Abstract
Purpose :
This study investigated the epidemiology of MVA-related eye injuries presenting to United States (US) emergency departments (EDs) from 2000 through 2020.
Methods :
The National Electronic Injury Surveillance System, All Injury Program (NEISS-AIP) database gathers information on ED visits for individual consumer product-related nonfatal injuries from 100 participating US EDs. The NEISS-AIP uses cases from these 100 EDs to extrapolate a national estimate for over 5,000 US EDs. We queried the NEISS-AIP for MVA-related eye injuries for all age groups from 2000-2020. We collected data on diagnosis, mechanism of injury, motor vehicle type, occupant status (driver vs. passenger vs. other specified vs. unknown) and demographic trends. Rates per 10,000 people and rates per 10,000 licensed drivers were calculated for each year using the annual NEISS-AIP national estimates and data from the US Census and US Department of Transportation.
Results :
In 2000-2020, an estimated 224,231 (95% confidence interval [CI] 215,247–233,217) MVA-associated eye injuries presented to US EDs (Table1). The rate of ED-treated eye injuries from MVAs declined during this study period (9623 cases; 0.34/10,000 people to 9007 cases; 0.27/10,000 people) (Figure 1). Males accounted for 62.8% of eye injuries; 48.7% of patients were White. The highest rates of ED visits were in age groups 20–24 years (13.1%; 13.5/10,000 people) and 15-19 years (12.7%; 12.6/10,000 people). Among US drivers, 16–24-year-olds (24.4%; 21.4/10,000 drivers) had the highest rate of ED visits. Most commonly, patients were drivers (36.4%).

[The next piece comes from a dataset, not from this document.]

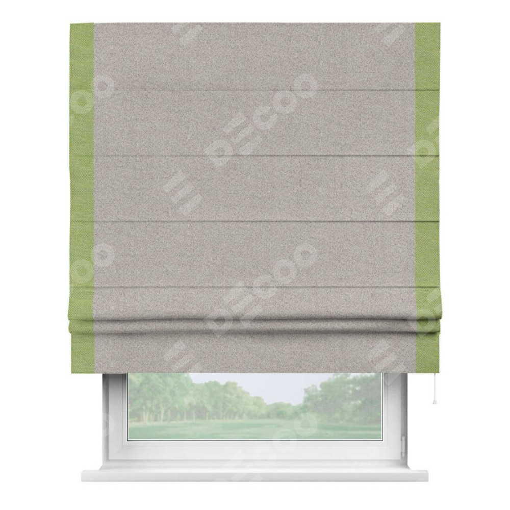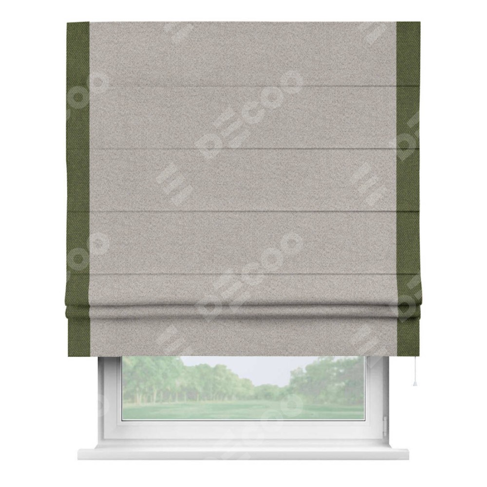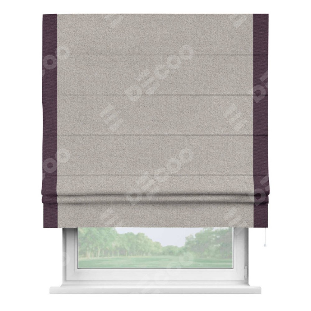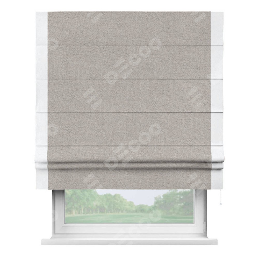 Римская штора «Кортин» для проема, лён димаут серо-бежевый с кантом Стрим Дуо

The leading ocular diagnoses were contusions/abrasions (59.3%) and foreign body (18.7%). Most patients were treated and discharged (93.9%).
Conclusions :
From 2000-2020, the rates of MVA-related eye injuries decreased. The risk of injury was greatest among males and drivers aged 16-24. Most injuries were not serious, allowing 93.9% of patients to be treated and discharged from the ED. Causes of MVA-related eye injury, such as airbag deployment, should be further investigated to identify appropriate preventative measures.
This abstract was presented at the 2024 ARVO Annual Meeting, held in Seattle, WA, May 5-9, 2024.